On my entire life, I had been living through books; every day passes by like leafing each pages, every person I’ve met represents the various characters I’ve read and imagined, every situation happened was the same with every scene I’ve fancied in every story, and the happy endings as much as the depressing and heartbreaking ones all happen. But last week, just as I was to go to my class and I came to pass through a group of students, there was this lone truth I just realized. I am not only living within books, but also I exist in the real world.
Never in my life have I encountered a couple kissing in public, especially when the two of them are both guys. I am aware that such relationships exist and I am okay with it. It’s just that I am not accustomed on those things, and I am only familiar through books itself. I am totally in shocked after seeing them. I didn’t know how to react well so I’d promised that I’ll write it down and think of it myself.

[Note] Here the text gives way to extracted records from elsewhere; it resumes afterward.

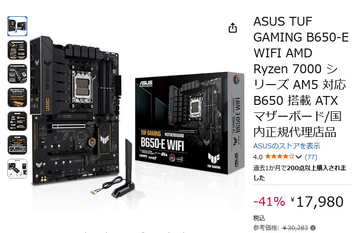ASUS TUF GAMING B650-E WIFI AMD Ryzen 7000 シリーズ AM5 対応 B650 搭載 ATX マザーボード/国内正規代理店品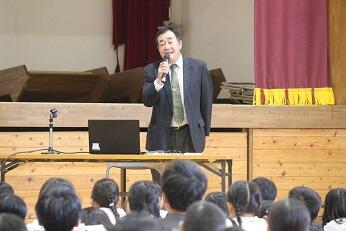 熊本地震発生当時、山西小の校長を務めておられた、西原村教育委員会の工藤 次生 先生を講師にお迎えしました。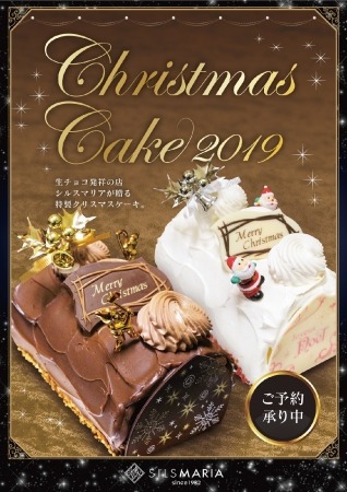 シルスマリア2019年のクリスマスケーキは生チョコレートをふんわりショコラスポンジとチョコクリームで包んだ生チョコノエル他全6アイテムをご用意しております。
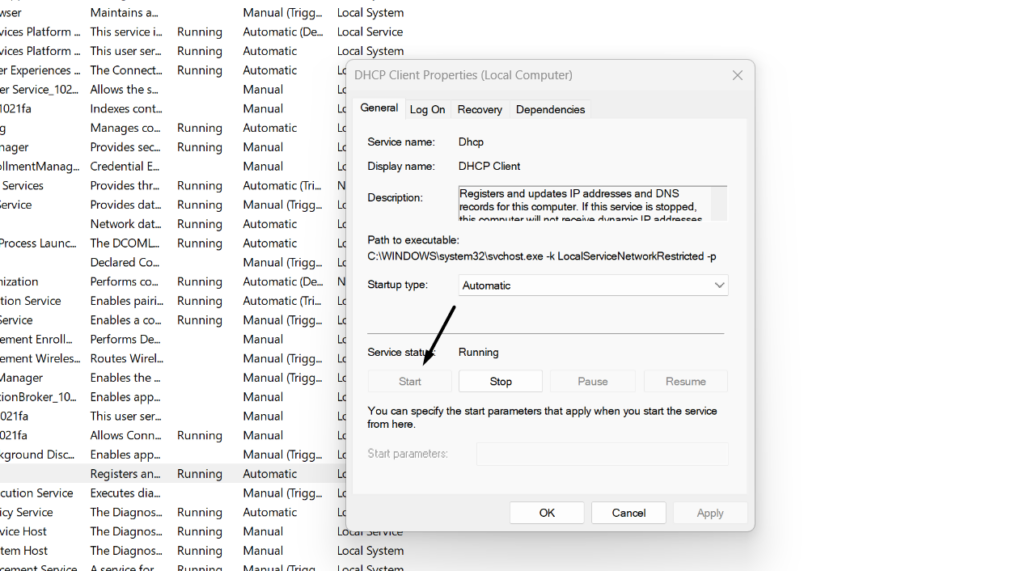 此外,依赖它的组件将无法工作。所以,这对于你的情况可能是一样的。所以,确保 DHCP 客户端服务正常工作。您可以按照以下过程进行检查: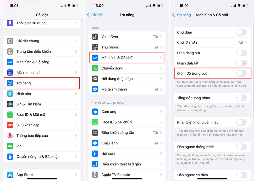 Bước 2: Gạt sang phải để bật Giảm độ trong suốt.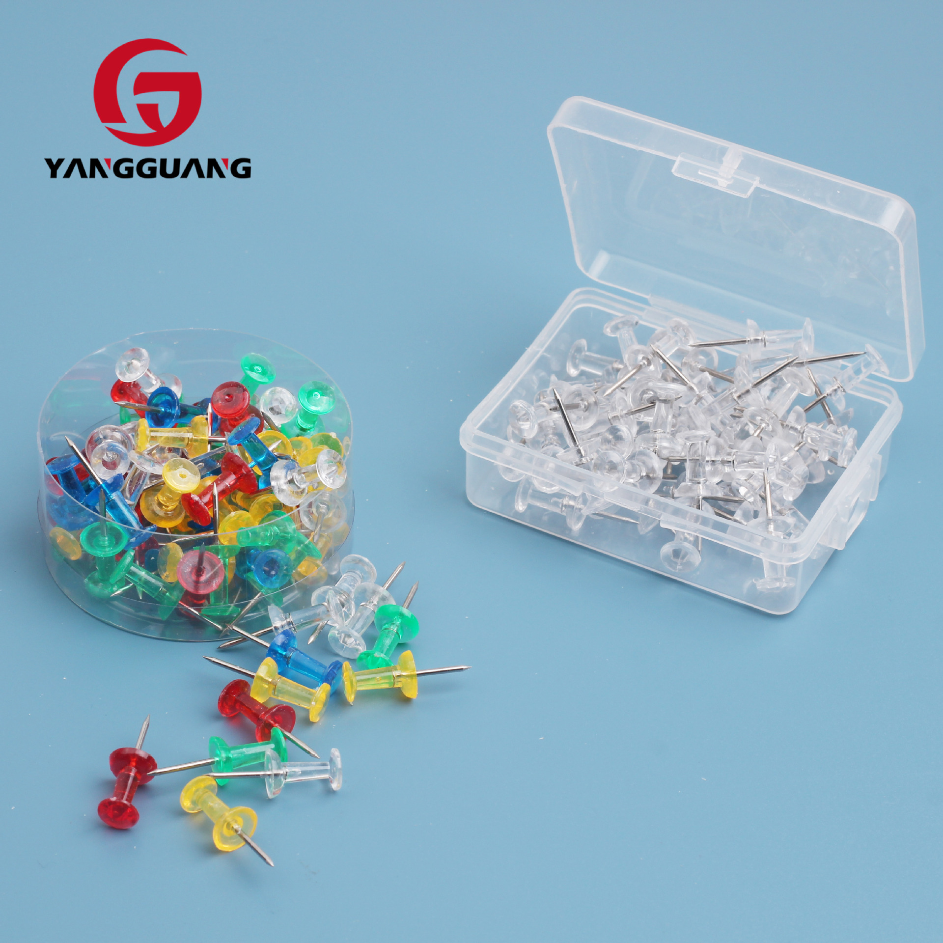 アマゾンのメーカーは子供の画鋲を卸売りして、ゴムのコルク板を押して透明な平頭の丸い釘を打ちます。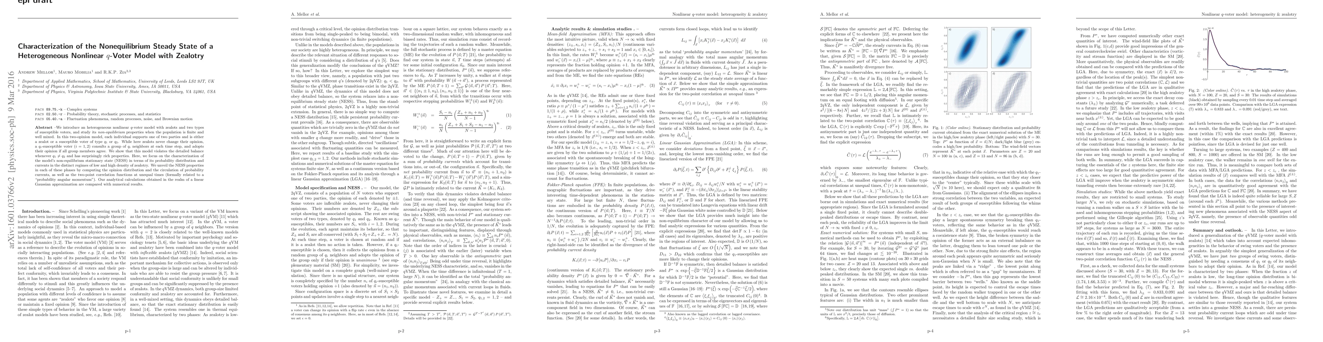 This paper characterizes the nonequilibrium steady state of a heterogeneous nonlinear $q$-voter model with zealots and two types of susceptible voters. It reveals rich properties and violates detailed balance when $q_1 \neq q_2$, focusing on the model's stationary state, opinion distribution, and probability currents, with analytical results compared to numerical simulations.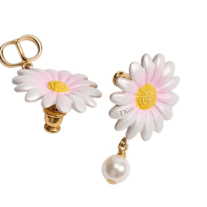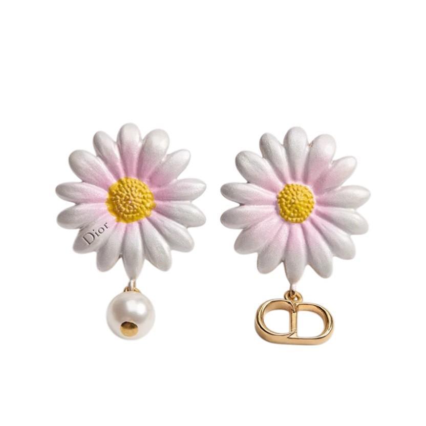Dior CD Garden 金色金屬珍珠拼色雛菊耳環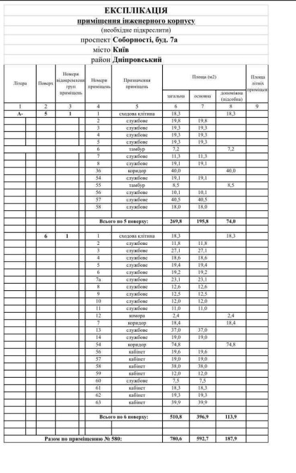 Вартість приміщень на 6-му поверсі (510м2) - 175 000USD - 343USD за м2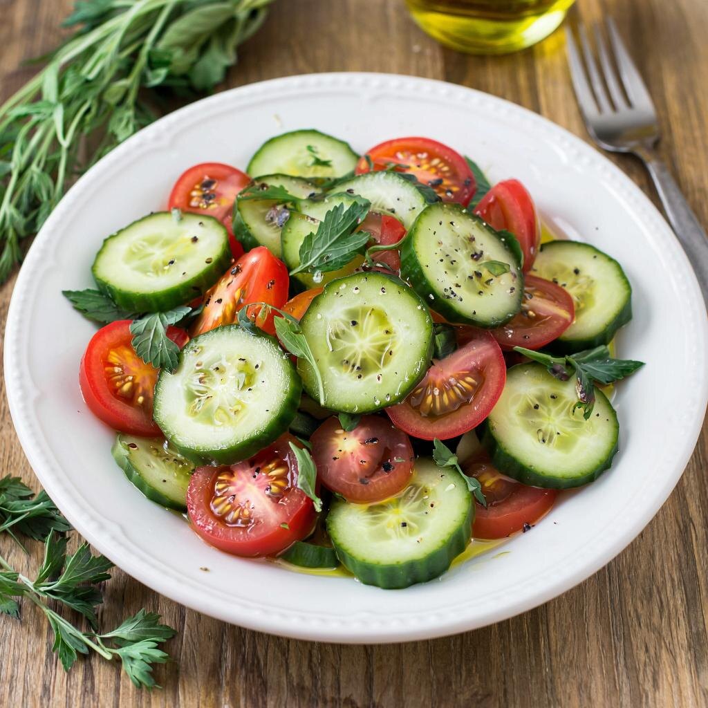 Простой и вкусный салат из свежих огурцов и помидоров Этот салат знаком каждому россиянину с детства и является неотъемлемой частью нашего стола в теплое время года. Его готовят практически повсеместно, особенно в летний сезон, когда овощи самые свежие и ароматные. 🍅 Ингредиенты: - Огурцы свежие - Помидоры спелые - Зелень (укроп, петрушка, базилик) - Оливковое масло - Соль по вкусу 🍰 Приготовление: 1. Выбираем свежие овощи на рынке, желательно у проверенных продавцов, выращенных местными производителями. Так мы получаем максимальную пользу и насыщенный вкус. 2. Моем огурцы и помидоры, обсушиваем бумажным полотенцем. Нарезаем кубиками или кружочками среднего размера. 3. Мелко рубим свежую зелень. Можно экспериментировать с разными видами зелени, выбирая любимые сочетания. 4. Смешиваем ингредиенты в глубокой миске, слегка солим и заправляем оливковым маслом первого холодного отжима. 🤗 Почему этот салат особенный? Простота приготовления сочетается с пользой для здоровья. Свежие овощи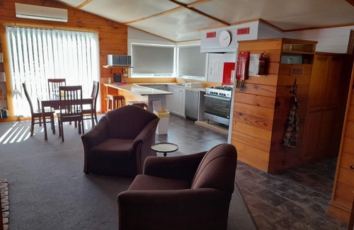 The lounge is furnished with two three-seater sofas, one of which folds out to a double sofa bed, and two single-seater lounge chairs. The second bedroom also includes two single recliners with lovely views of the deck and the National Park.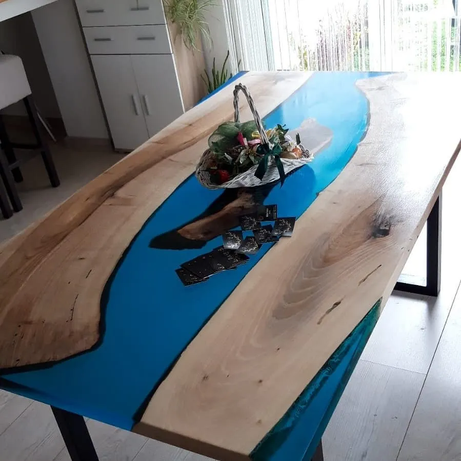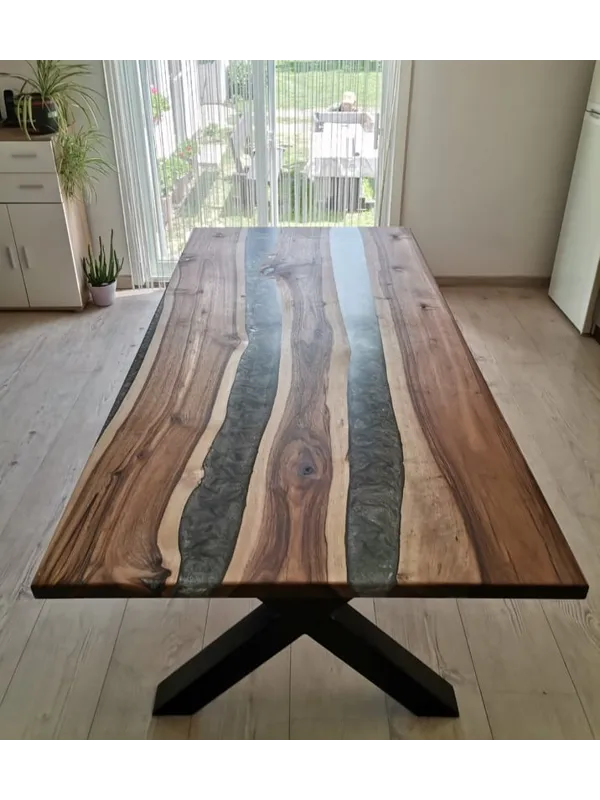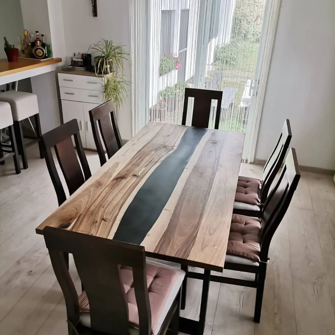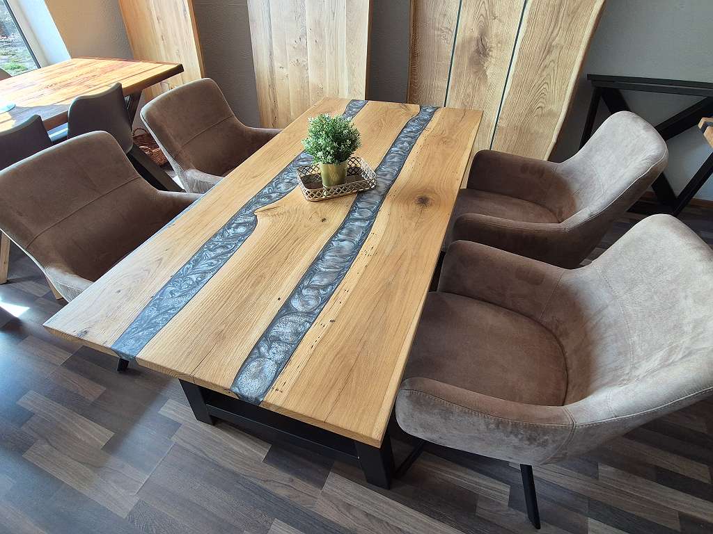Die „River“-Kollektion steht für eindrucksvolle Massivholz-Esstische mit kunstvoll eingegossenem Epoxidharz in eleganter Flussoptik. Jeder Tisch ist ein handgefertigtes Unikat, das natürliche Holzstruktur mit der Tiefe des Harzes vereint – modern, ausdrucksstark und zeitlos.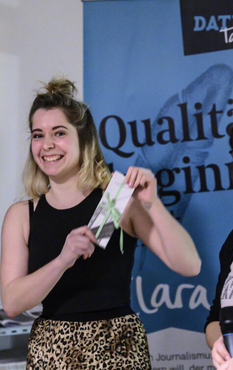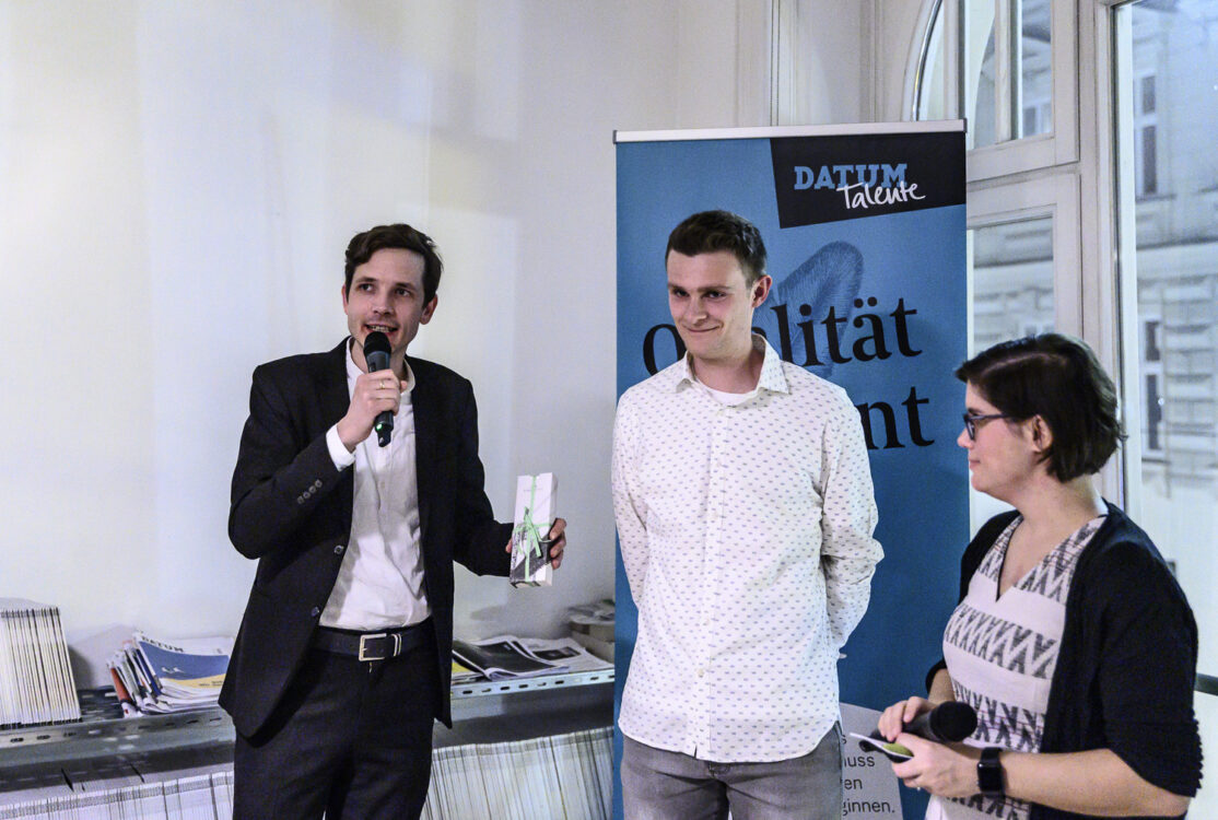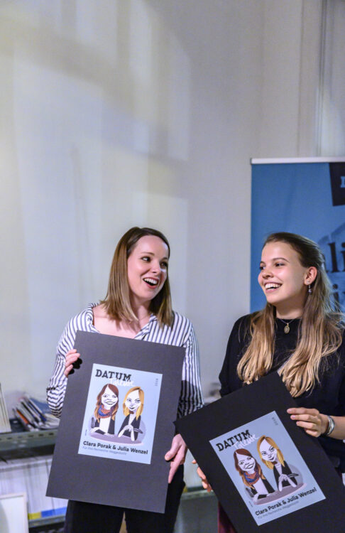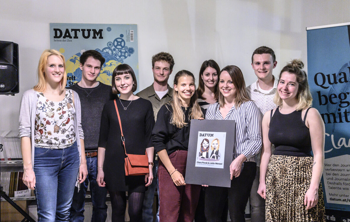 Elf Texte, 13 Autorinnen und Autoren und zwei Siegerinnen: Clara Porak und Julia Wenzel gewinnen mit ihrem Text „Weggedacht“ den DATUM-Talentepreis 2018. Ihre Reportage über den problematischen Umgang mit Abtreibung in Österreich setzte sich knapp gegen „Landsucht, Landflucht“ (Magdalena Berger) und „Ultra mächtig“ (Timo Schober) durch. Der Preis ist mit 1000 Euro dotiert, er wurde den beiden Nachwuchstalenten im Rahmen einer Feier in der DATUM-Redaktion am 28.2.19 überreicht.

The real world is comprised of different people just as the imaginary characters in books. The only difference is that in books, you tend to let your creative mind to picture everything you read and that it is normal for such things to happen because you’re only imagining it; yet in a real world, you do not expect these images you conceived of to happen vividly, instead you reconsider events to occur when there’s a seemingly fitting time for it to happen, considering it will.
Now, I told myself to be release from the boundless life I’ve been living for the past sixteen years, and to consider settling in the real world where all things happen not on my creative imaginations but in actual.